PROVIDED DATA

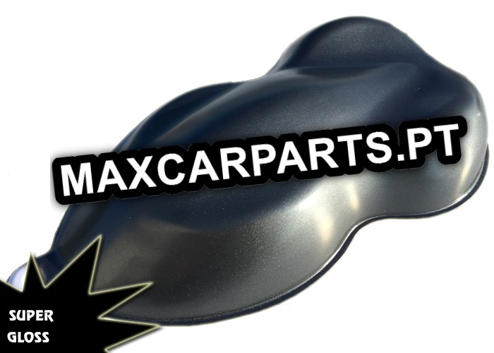 Amostra de tinta automóvel metálica azul escuro brilhante com texto e selo
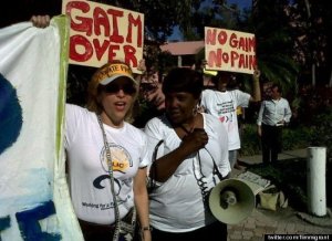 According to Cervantes-Gautschi and fellow demonstrator Veronica Castro, Miller, Daiagi, and Purvis were arrested after two separate actions of protest: one inside the Boca Resort at a GAIM meeting, during which a demonstrator stood up to call for an end to investment in private prisons, and another that unfolded on the hotel’s lawn as conventioneers moved between gatherings.
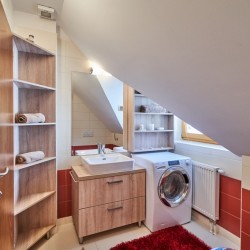 Gre za dvosobno stanovanje, prijetno, lahko in nekadilsko. Vključuje dve veliki postelji in kavč ter popolno kopalnico s tušem in straniščem. Vključuje tudi LCD TV, brisače in posteljnino, pečico, pralni stroj, dodatni grelec in zasebno parkirišče pred nastanitvijo. Na voljo je tudi shramba v kleti – za katero koli smučarsko ali kolesarsko opremo. Brezžični internet je na voljo v celotnem stanovanju in je zelo hiter.

WHAT THIS TASK INVOLVES
Please restate exactly the lines from the one containing "According to Cervantes-Gautschi" down to the end of the material, both ends kept, and do not include the pictures.

OUTPUT
 According to Cervantes-Gautschi and fellow demonstrator Veronica Castro, Miller, Daiagi, and Purvis were arrested after two separate actions of protest: one inside the Boca Resort at a GAIM meeting, during which a demonstrator stood up to call for an end to investment in private prisons, and another that unfolded on the hotel’s lawn as conventioneers moved between gatherings.
 Gre za dvosobno stanovanje, prijetno, lahko in nekadilsko. Vključuje dve veliki postelji in kavč ter popolno kopalnico s tušem in straniščem. Vključuje tudi LCD TV, brisače in posteljnino, pečico, pralni stroj, dodatni grelec in zasebno parkirišče pred nastanitvijo. Na voljo je tudi shramba v kleti – za katero koli smučarsko ali kolesarsko opremo. Brezžični internet je na voljo v celotnem stanovanju in je zelo hiter.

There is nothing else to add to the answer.